El volumen que escogió al azar había sido escrito en 1842. Mientras pasaba las páginas, Chamán encontró una abundante y casual serie de notas sobre medicina y farmacología, y pensamientos íntimos. El diario estaba salpicado de bosquejos: rostros, dibujos de anatomía, un desnudo femenino de cuerpo entero; se dio cuenta de que se trataba de su madre. Estudió el rostro joven y contempló fascinado el cuerpo prohibido, consciente de que debajo del vientre inequívocamente preñado había habido un feto que acabaría siendo él. Abrió otro volumen que había sido escrito con anterioridad, cuando Robert Judson Cole era un joven que vivía en Boston y acababa de bajar del barco que lo traía de Escocia. Este también contenía un desnudo femenino, aunque en este caso el rostro era desconocido para Chamán; los rasgos resultaban confusos pero la vulva había sido dibujada con detalles clínicos, y se encontró leyendo sobre una aventura sexual que su padre había tenido con una mujer en la pensión en la que vivía.
Mientras leía el informe completo, se sintió más joven. Los años desaparecieron, su cuerpo retrocedió, la tierra invirtió su rotación, y los frágiles misterios y tormentos de la juventud quedaron recuperados.
Volvía a ser un niño que leía libros prohibidos en esta biblioteca, buscando palabras y dibujos que pudieran revelar las cosas secretas, degradantes y tal vez absolutamente maravillosas que los hombres hacían con las mujeres. Se quedó de pie temblando, atento, por temor a que su padre apareciera en la puerta y lo encontrara allí.
Luego sintió la vibración de la puerta de atrás que se cerraba firmemente mientras su madre entraba con los huevos, y se obligó a cerrar el libro y a guardarlo en el cofre.
Durante la cena le dijo a su madre que había empezado a revisar las cosas de su padre y que bajaría una caja vacía del desván en la que guardaría las cosas que serían para su hermano.
Entre ambos quedó en suspenso la pregunta tácita de si Alex vivía para regresar y usar esas cosas, pero Sarah asintió:
—Bien —dijo, evidentemente aliviada de que él se hubiera puesto manos a la obra.

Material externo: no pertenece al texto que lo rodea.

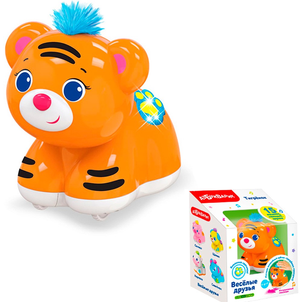 Милый тигренок с пушистым чубчиком приведет малыша в восторг. А чубчик у него – волшебный! Нужно просто его погладить – и тигренок заговорит! Нажимая на кнопочку, малыш послушает веселые песенки и мелодии («Озорной тигрёнок», «Приходи в зоопарк поскорей», «Чунга-чанга», «Арам зам зам», «Прятки»). А если погладить чубчик во время звучания – тигренок будет подпевать. В игрушке также есть инерционный механизм – зверюшка ездит не хуже машинки.
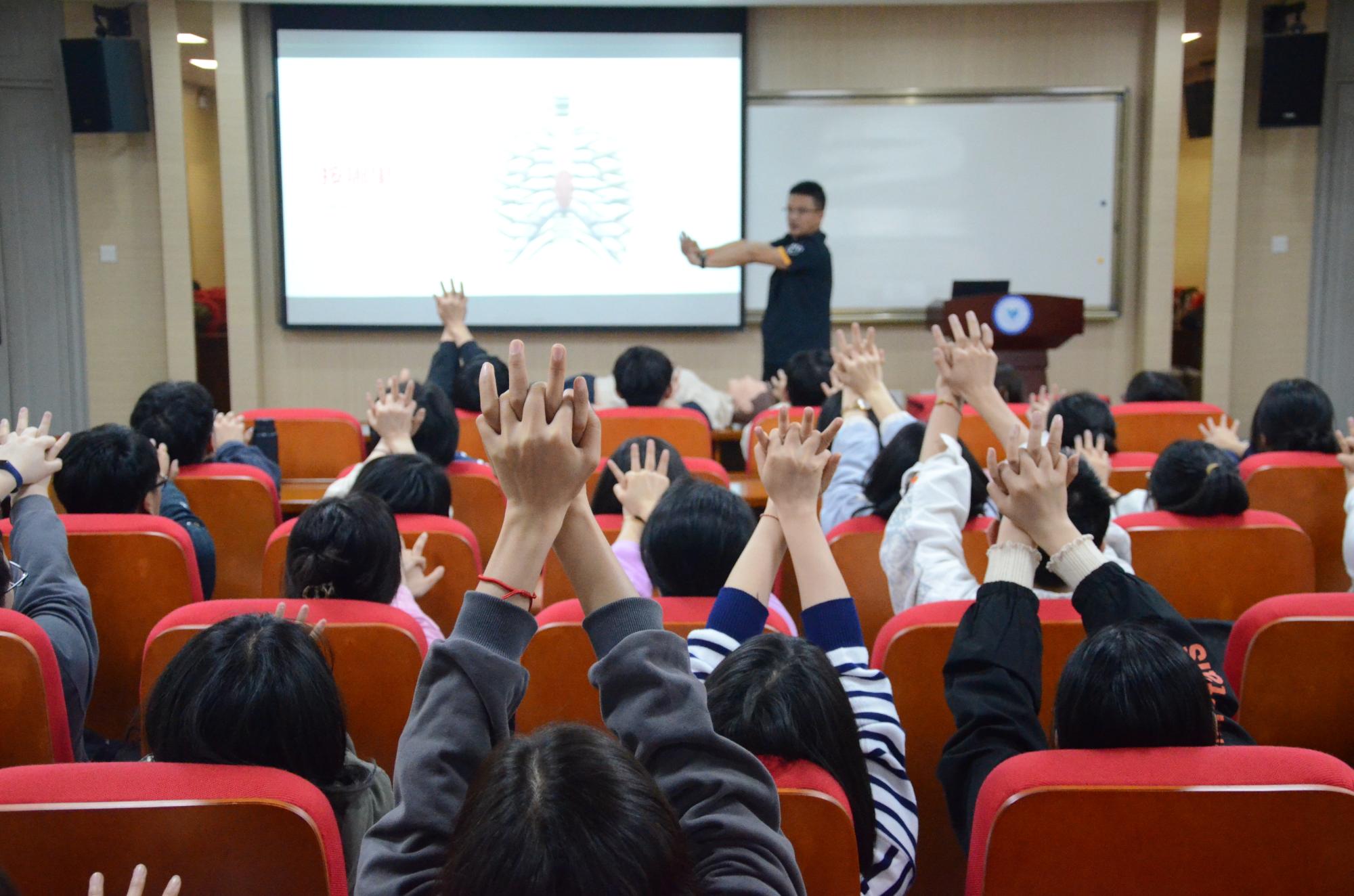 活动伊始,高寒老师通过具体事例强调“黄金四分钟”在急救过程中的紧急性,让同学们深入理解急救理论和急救技能的重要性。高老师语言诙谐生动,动作规范有力,在给同学们演示急救技能和动作时也不忘纠正急救误区,传授建立安全生活环境的方式以及正确拨打120的方法。同学们聚精会神,生怕少听一个注意点。

Esa noche, desvelado, consideró que leer los diarios lo convertiría en un voyeur, en un intruso en la vida de sus padres, tal vez incluso en su lecho, y que debía quemarlos. Pero la lógica le indicó que su padre los había escrito para registrar la esencia de su vida, y ahora Chamán yacía en la cama hundida y se preguntaba cuál había sido la verdad sobre cómo había vivido y muerto Makwa-ikwa, y le preocupaba que la verdad pudiera contener graves peligros.
Por fin se levantó, encendió la lámpara y bajó sigilosamente por el pasillo para no despertar a su madre.
Recortó la mecha humeante y subió la llama todo lo que pudo. Eso produjo una luz apenas suficiente para leer. El estudio estaba desagradablemente frío a esa hora de la noche. Pero Chamán cogió el primer libro y empezó a leer, y en realidad se olvidó de la iluminación y de la temperatura a medida que se iba enterando de más cosas de las que jamás había querido saber sobre su padre y sobre sí mismo.